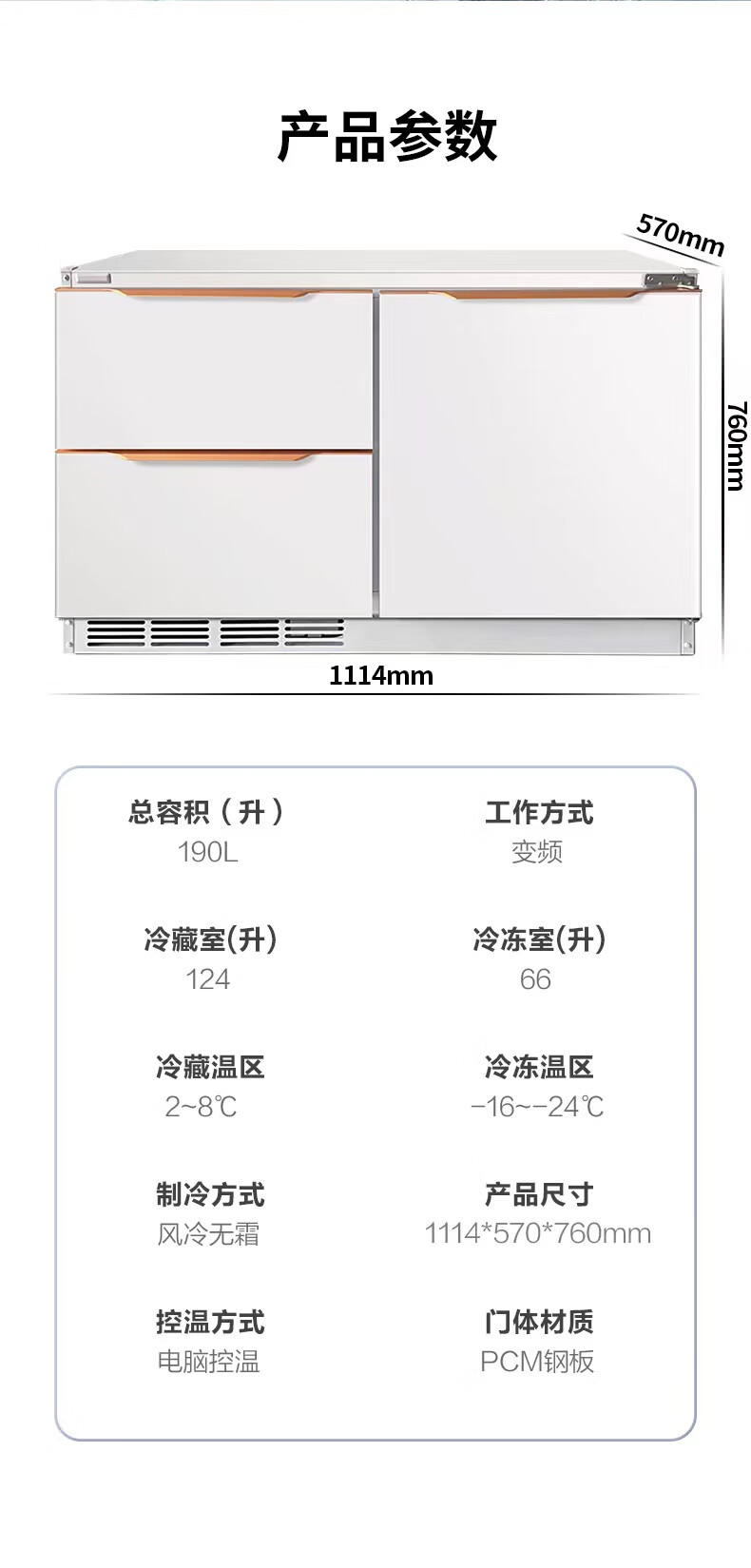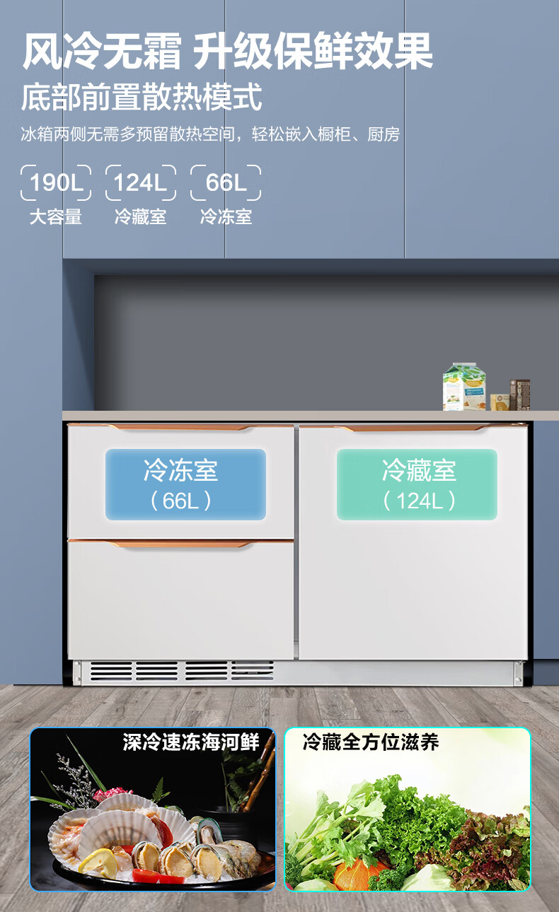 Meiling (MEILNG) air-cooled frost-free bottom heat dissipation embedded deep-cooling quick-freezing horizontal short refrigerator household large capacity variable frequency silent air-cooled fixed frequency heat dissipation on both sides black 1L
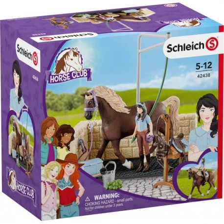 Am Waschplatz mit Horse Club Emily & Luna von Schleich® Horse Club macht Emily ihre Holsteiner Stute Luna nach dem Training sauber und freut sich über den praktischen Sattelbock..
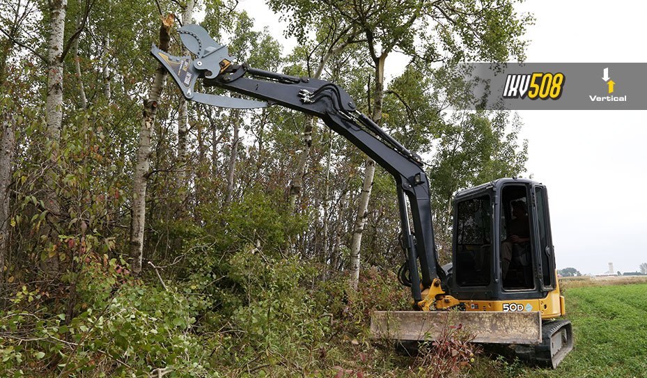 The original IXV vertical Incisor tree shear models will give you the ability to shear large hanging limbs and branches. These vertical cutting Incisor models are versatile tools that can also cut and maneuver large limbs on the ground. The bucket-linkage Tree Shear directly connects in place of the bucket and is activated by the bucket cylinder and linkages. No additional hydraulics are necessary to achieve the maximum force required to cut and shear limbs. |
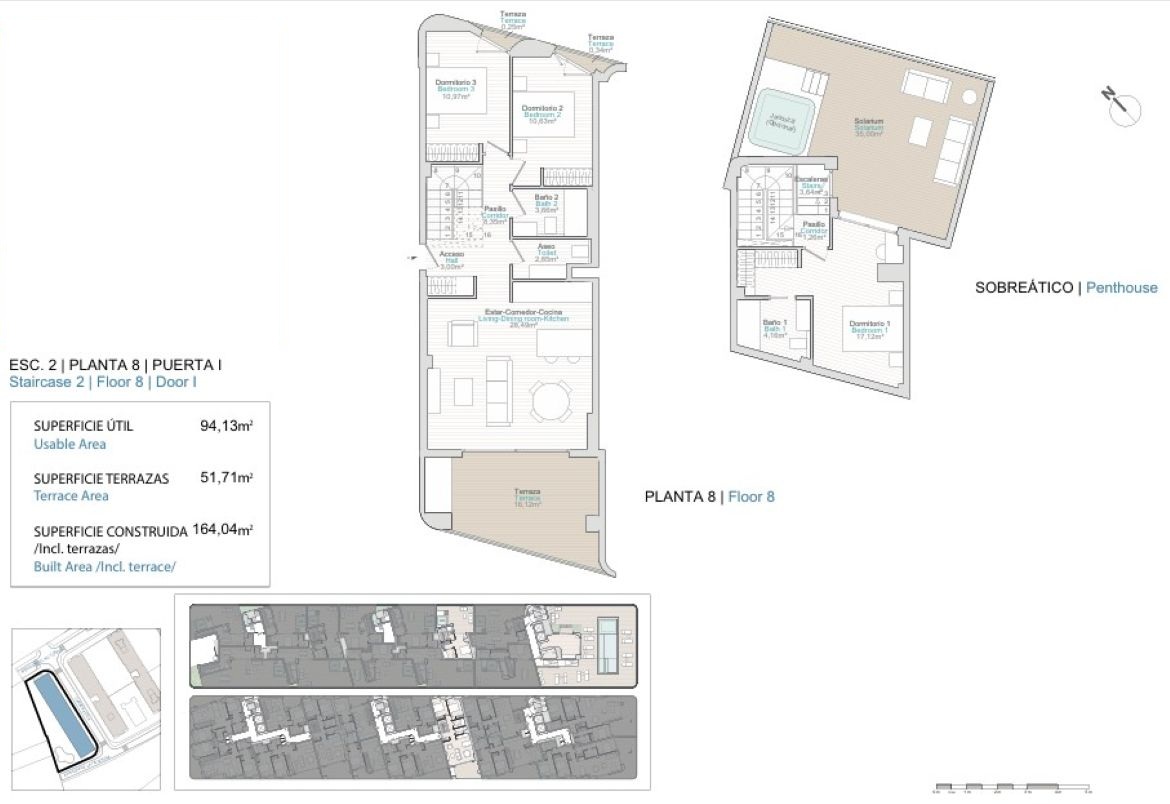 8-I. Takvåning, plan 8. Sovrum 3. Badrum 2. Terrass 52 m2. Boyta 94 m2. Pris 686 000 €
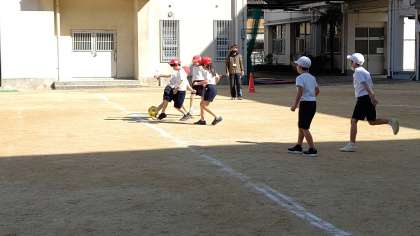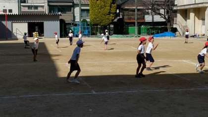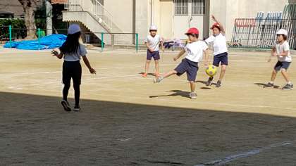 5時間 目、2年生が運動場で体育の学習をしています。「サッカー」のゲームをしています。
┄┄┄┄┄┄┄┄┄┄┄┄┄┄┄┄┄┄┄┄
— EXERCISE —
Your reply should consist solely of the lines from the one containing "The original IXV" through the last line of the material, reproduced exactly and without pictures.

— WRITTEN RESPONSE —
 The original IXV vertical Incisor tree shear models will give you the ability to shear large hanging limbs and branches. These vertical cutting Incisor models are versatile tools that can also cut and maneuver large limbs on the ground. The bucket-linkage Tree Shear directly connects in place of the bucket and is activated by the bucket cylinder and linkages. No additional hydraulics are necessary to achieve the maximum force required to cut and shear limbs. |
 8-I. Takvåning, plan 8. Sovrum 3. Badrum 2. Terrass 52 m2. Boyta 94 m2. Pris 686 000 €
 5時間 目、2年生が運動場で体育の学習をしています。「サッカー」のゲームをしています。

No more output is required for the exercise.